Rumah Sakit Penuh, DPR Papua: Pemprov Papua Jangan Bermimpi Menuju New Normal

Ketua DPR Papua, Jhony Banua Rouw, SE didampingi Sekretaris Komisi V DPR Papua, Fauzun Nihayah memimpin pertemuan dengan lima pimpinan rumah sakit dan Kadinkes Papua di ruang Banggar DPR Papua, Kamis, 25 Juni 2020.
banner 120x600

JAYAPURA, Papuaterkini.com – Terkait dengan penolakan, Hanafi Rettob, pasien korban kecelakaan lalu lintas di Kota Jayapura oleh lima rumah sakit, tampaknya menjadi  perhatian serius Ketua DPR Papua, Jhony Banua Rouw, SE.

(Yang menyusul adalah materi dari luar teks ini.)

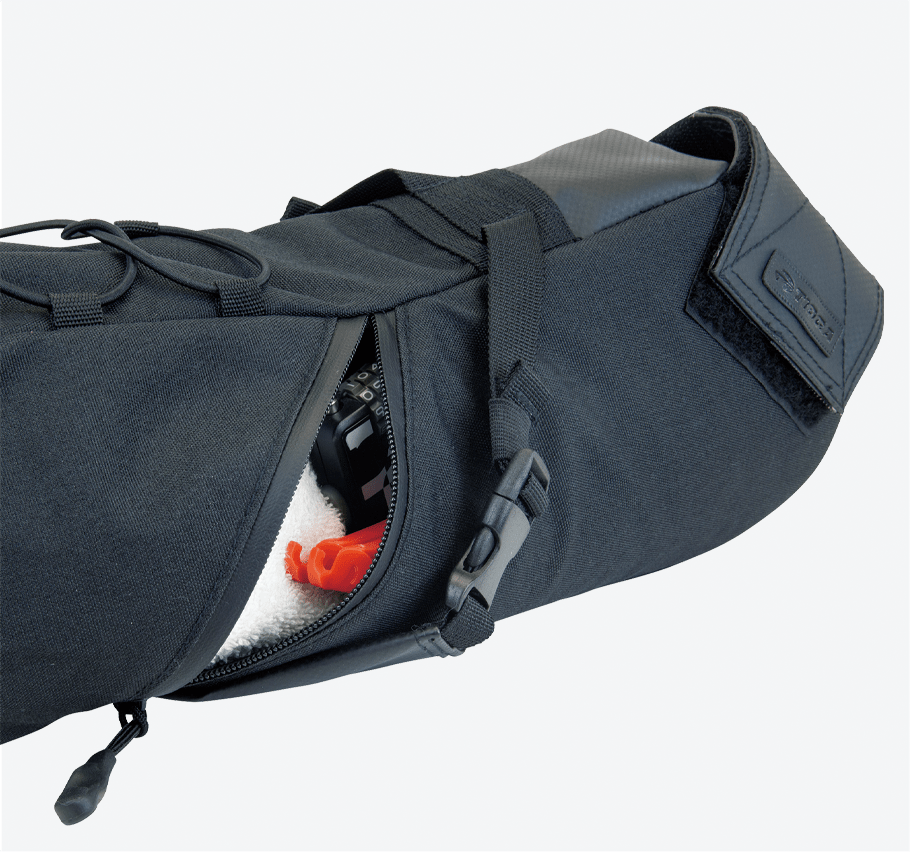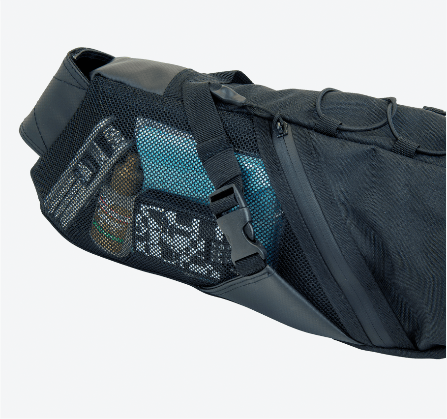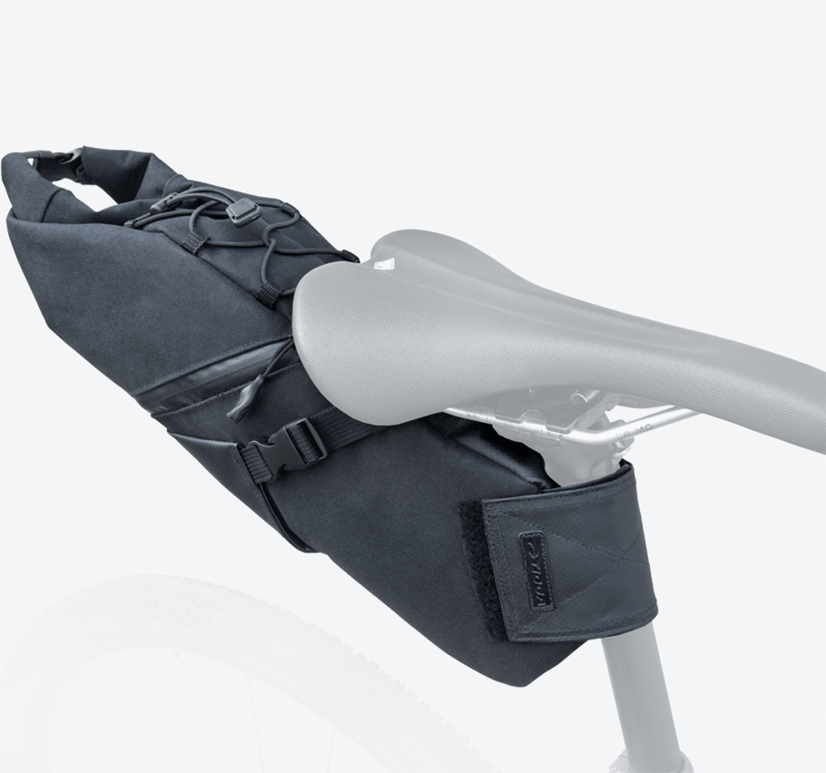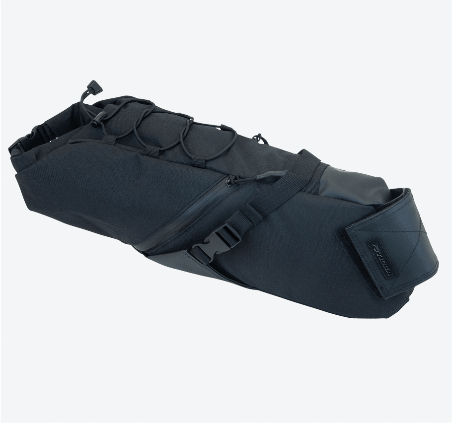 Pack for an ADVenture without adding a rear rack. The ADV Seat Bag easily fastens to the seat post and seat rails with Velcro straps for a secure fit. Back loading 5L storage compartment may be rolled up to adjust to smaller volume. Water proof zipper opening on drive side for easy access to main compartment without unrolling. Additional mesh pocket on non-drive side for storing smaller items. PU coated splash resistant Nylon body for all-weather use.
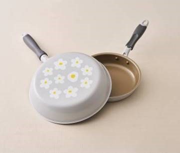 ガス火専用の軽量フライパンに手書き風の白いお花がデザインされた、春らしいかわいいフライパンです。
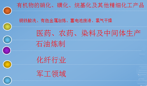 有機化工產(chǎn)品如檸檬酸、氨基磺酸、草酸、硫酸二甲酸、合成甲酚、十二烷基苯磺酸等產(chǎn)品及磺化、硝化、烷基化、酯化等化學(xué)反應(yīng)單元,這些反應(yīng)廣泛用于農(nóng)藥、醫(yī)藥、染料、香料等行業(yè)生產(chǎn),都大量用到硫酸。每年應(yīng)用于有機化工產(chǎn)品的硫酸在1000-1500萬噸,其中有參與化學(xué)反應(yīng),同時產(chǎn)生大量20-60%的廢硫酸,保守統(tǒng)計,應(yīng)該在2000萬噸以上部分。
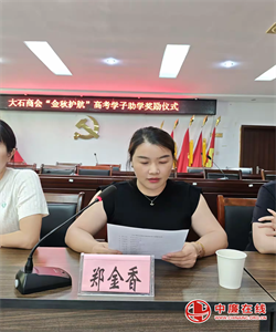 大石商会党支部书记、秘书长郑金香宣读了获得大石商会“金秋护航”助学奖励的38位优秀高考学子名单。现场响起阵阵热烈掌声,向这些品学兼优、为家乡争光的青年才俊表示最诚挚的祝贺。
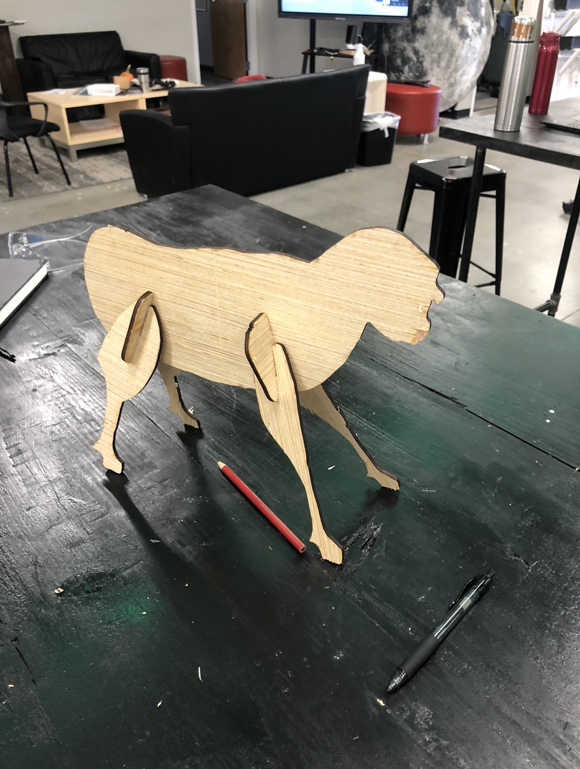 When we first started the project, Ethan and Chase were online so i started sketching possible ideas in my engineering log. I am not much of an artist, so I was happy with what I drew (see picture above). Now that we knew what we wanted the final product to look like we had to figure out how it was going to be put together. We researched the internet for way to make wooden reindeers. The best option we found was to make the body and legs separate and then connect them with wooden joint pieces. To create the prototype, I drew out all the pieces we needed to scale and then used adobe to trace it and make it into a file that could be put in the laser cutting machine.
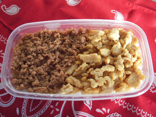 お弁当作りが面倒なときはこれ鳥そぼろ 生姜の絞り汁をたっぷり入れるのが息子の好みです 曲げわっぱ こども小判弁当箱 桜 漆塗り みよし屋
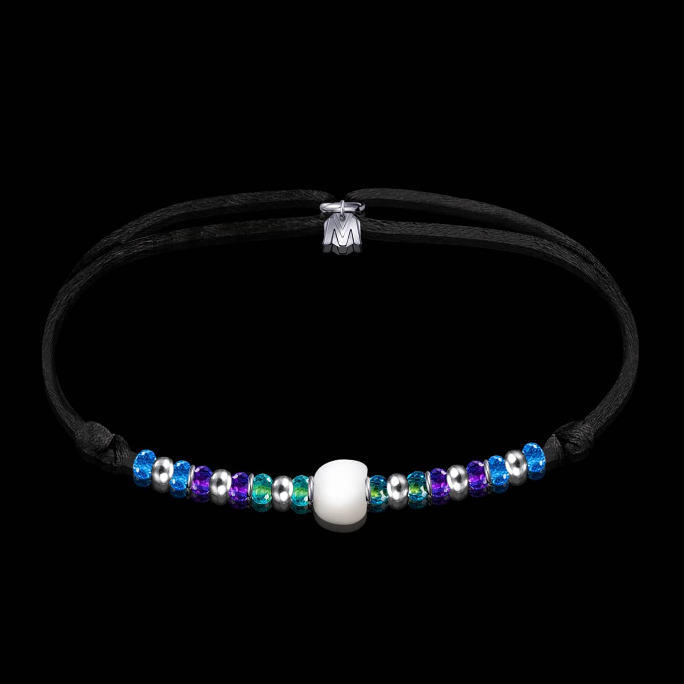 Nos bracelets et colliers se présentent sur un cordon extrêmement confortable et résistant. Grâce à deux nœuds coulissants, vous pouvez l’ajuster à la perfection sur votre poignet et votre cou.

Apalagi, DPR Papua sudah menerima dua pengaduan pasien umum yang ditolak oleh rumah sakit ketika hendak berobat. 

“Kita berharap berharap tidak ada lagi penolakan pasien di kemudian hari. Apapun pelayanan Covid-19, UGD rumah sakit harus menerima pasien yang datang,” tegas Ketua DPR Papua, Jhony Banua Rouw, usai membuka rapat Komisi V DPR Papua bersama Lima Pimpinan Rumah Sakit di Jayapura di ruang Banggar DPR Papua, Kamis, 25 Juni 2020.

Bahkan, kata Jhony Banua Rouw, rumah sakit wajib memberikan pertolongan pertama bagi masyarakat yang datang untuk mendapatkan pelayanan kesehatan atau berobat.

Jhony Banua Rouw menyayangkan adanya penolakan terhadap masyarakat yang akan berobat ke rumah sakit, terutama rumah sakit pemerintah yang menggunakan uang rakyat melalui APBD untuk membiayai operasional di rumah sakit sehingga mereka punya kewajiban mengobati pasien yang datang.

Soal alasan rumah sakit bahwa kamar pasien penuh atau full, Jhony Banua Rouw mengatakan jika Komisi V DPR Papua akan melihat alasan rumah sakit itu.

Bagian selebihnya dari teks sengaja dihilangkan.